I was flicking through the Sunday Times a few days ago and came across Queen Dolly of Alderton’s weekly agony aunt column.
It begins:
Dear Dolly of Alderton…
I’m 32 years old and, in a world full of married friends, I find I am happiest being single, but I feel guilty about it.
The letter goes on to explain that the writer doesn’t feel the same desire as her friends for a long term partner or children.
Her question?
How can I stop feeling guilty and like a “broken” women and just move on and enjoy my life?
Queen Dolly’s answer leaves no stone unturned.
And here’s the crux:
I think the key problem we’re getting to is that a lot of women live with such an expectation to have children, from such a young age, that living without them and yearning for them forever would be more torturous than any stresses that come with having an actual
baby
Now, I’m dipping my toe into uncharted waters here.
And I don’t want to risk my daily email turning into an agony aunt column.
(if it’s dating and sex you want, my little sugar possum, you’re on the wrong email list. You won’t find even the smallest hint of a leopard-print thong in these holy scriptures)
So why am I writing about this? Instead of my usual inquests into working life?
Here’s why:
It struck me that “having children” could be replaced by any number of things.

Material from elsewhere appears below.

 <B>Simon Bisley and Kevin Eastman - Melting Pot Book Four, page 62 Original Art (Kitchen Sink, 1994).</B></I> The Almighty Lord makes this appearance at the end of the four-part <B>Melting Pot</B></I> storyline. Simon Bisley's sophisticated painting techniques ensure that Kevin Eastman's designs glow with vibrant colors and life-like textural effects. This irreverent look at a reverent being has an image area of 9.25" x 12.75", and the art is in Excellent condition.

That expectation that Dolly mentions?
It applies to everything from going to university, to finding a husband or wife, to buying a house or a car, and living happily ever after.

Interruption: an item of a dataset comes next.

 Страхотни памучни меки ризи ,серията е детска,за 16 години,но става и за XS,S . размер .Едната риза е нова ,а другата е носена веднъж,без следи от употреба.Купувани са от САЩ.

Or, as you might’ve guessed, slogging it out in a job that pays the bills but nothing more.
The stats don’t lie. Up to 85% of people aren’t happy in their jobs (depending on your search engine).
But few do anything about it.
And the yearning and stress that Dolly mentions in her answer is wholly applicable to leaving a job.
Put
simply:
Switching careers or striking out alone is more torturous than any existing job-related stresses or strains.
So on it goes.
A year passes. Then another, and another.
And before you know it, 13 years have gone in the blink of an eye.
That’s how it went for me. The fear of quitting outweighed the uninspiring work, lack of freedom, loss of balance and impact on my health.
These
things always nagged away at me. But they were never strong enough to do anything about.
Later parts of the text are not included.